Exercise.
Every record is to be copied unchanged, except that its pictures are removed.

Top of Source material

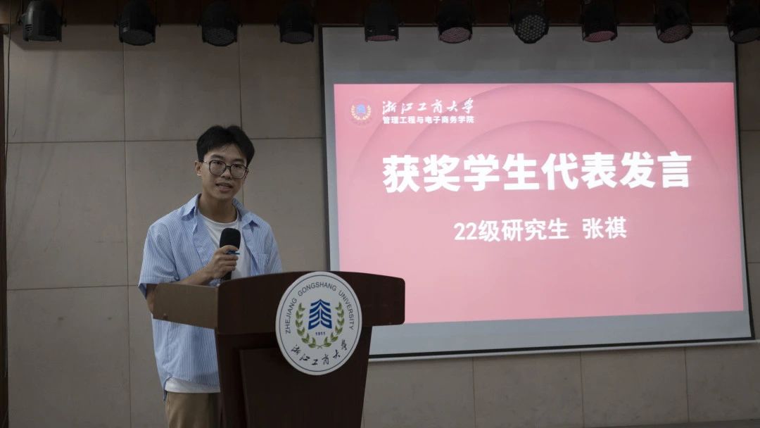 颁奖仪式后,学生代表张祺同学发表了感言。他深情地回顾了自入学以来的成长历程,对传化智联和学院的关怀与支持表示了衷心的感谢。张祺同学表示,这份荣誉不仅是对自己过去努力的肯定,更是对未来无限可能的期许。他呼吁全体同学珍惜机会,刻苦学习,为实现人生目标而不懈奋斗。
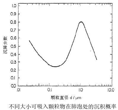 可吸入顆粒物的產生分為自然源和人為源,人為源主要來自煤的燃燒、機動車排放和一些工業生產過程。有研究結果表明,空氣動力學尺度大于10 um的顆粒物,基本上被阻止于人的鼻腔;2 um -10 um的顆粒,可進入人體咽喉,約90 %可進入并沉積于呼吸道的各個部位,10%可以到達肺的深處,并沉積于肺中;小于2 um的顆粒,100 %可以吸入肺泡中,其中0.3 um-2 um的粒子幾乎全部沉積于肺部而不能呼出,進而進入人體血液循環。圖中給出了可吸入顆粒物在人體肺泡處沉積比例,可見對人體危害最大的顆粒主要集中在1微米尺寸附近,而這尺寸段的顆粒卻是最難清除的。
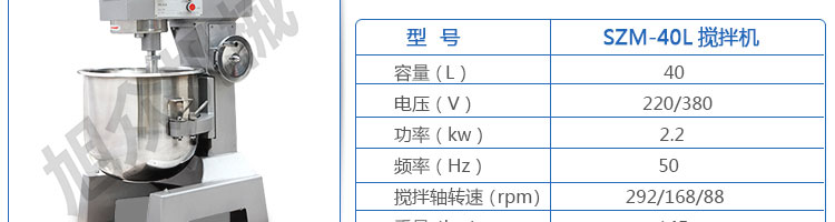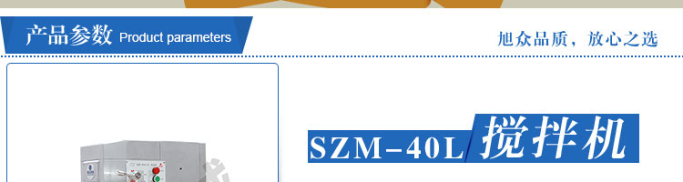名稱SZM-40、50、60攪拌機系列 電源220/380V 220/380V 220/380V 功率2.2KW 2.6KW 3.5KW 產(chǎn)量 尺寸外形尺寸700*550*990mm 870*600*1170mm 900*620*1250mm 重量145kg 248kg 265kg 規(guī)格 其他
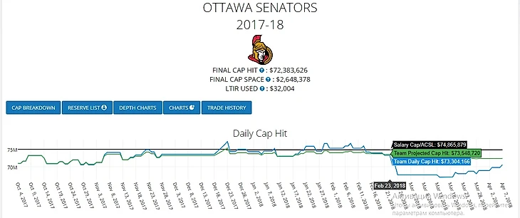 А здесь – годом позже (обратите внимание на превышение потолка до дедлайна). Собственно, ровно до тех пор, пока в феврале не было принято решение об уходе в перестройку – Оттава тратила весьма прилично, - на уровне если и не претендента, то что-то около того. А что делают клубы в перестроечные времена? Правильно, - скидывают тяжелые и большие контракты, часто отдают лидеров за пики… ну, в общем, все всё знают, кого чего что и куда и происходит.
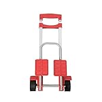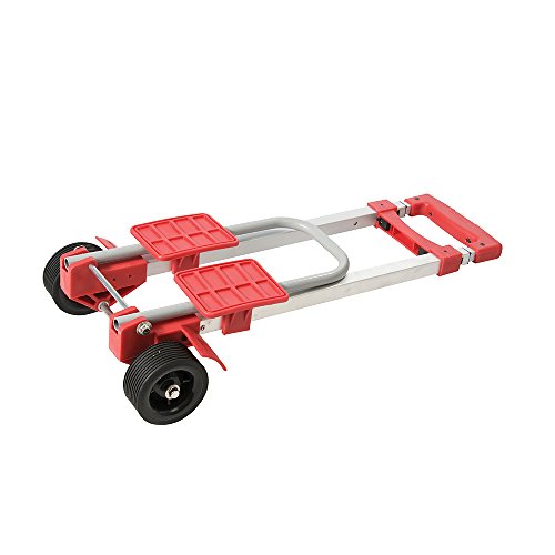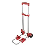 Lightweight hand truck, folds for storage, reopens quickly. Wide wheels and axle for stability.

Bottom of Source material

Expected answer.
 颁奖仪式后,学生代表张祺同学发表了感言。他深情地回顾了自入学以来的成长历程,对传化智联和学院的关怀与支持表示了衷心的感谢。张祺同学表示,这份荣誉不仅是对自己过去努力的肯定,更是对未来无限可能的期许。他呼吁全体同学珍惜机会,刻苦学习,为实现人生目标而不懈奋斗。
 可吸入顆粒物的產生分為自然源和人為源,人為源主要來自煤的燃燒、機動車排放和一些工業生產過程。有研究結果表明,空氣動力學尺度大于10 um的顆粒物,基本上被阻止于人的鼻腔;2 um -10 um的顆粒,可進入人體咽喉,約90 %可進入并沉積于呼吸道的各個部位,10%可以到達肺的深處,并沉積于肺中;小于2 um的顆粒,100 %可以吸入肺泡中,其中0.3 um-2 um的粒子幾乎全部沉積于肺部而不能呼出,進而進入人體血液循環。圖中給出了可吸入顆粒物在人體肺泡處沉積比例,可見對人體危害最大的顆粒主要集中在1微米尺寸附近,而這尺寸段的顆粒卻是最難清除的。
名稱SZM-40、50、60攪拌機系列 電源220/380V 220/380V 220/380V 功率2.2KW 2.6KW 3.5KW 產(chǎn)量 尺寸外形尺寸700*550*990mm 870*600*1170mm 900*620*1250mm 重量145kg 248kg 265kg 規(guī)格 其他
 А здесь – годом позже (обратите внимание на превышение потолка до дедлайна). Собственно, ровно до тех пор, пока в феврале не было принято решение об уходе в перестройку – Оттава тратила весьма прилично, - на уровне если и не претендента, то что-то около того. А что делают клубы в перестроечные времена? Правильно, - скидывают тяжелые и большие контракты, часто отдают лидеров за пики… ну, в общем, все всё знают, кого чего что и куда и происходит.
 Lightweight hand truck, folds for storage, reopens quickly. Wide wheels and axle for stability.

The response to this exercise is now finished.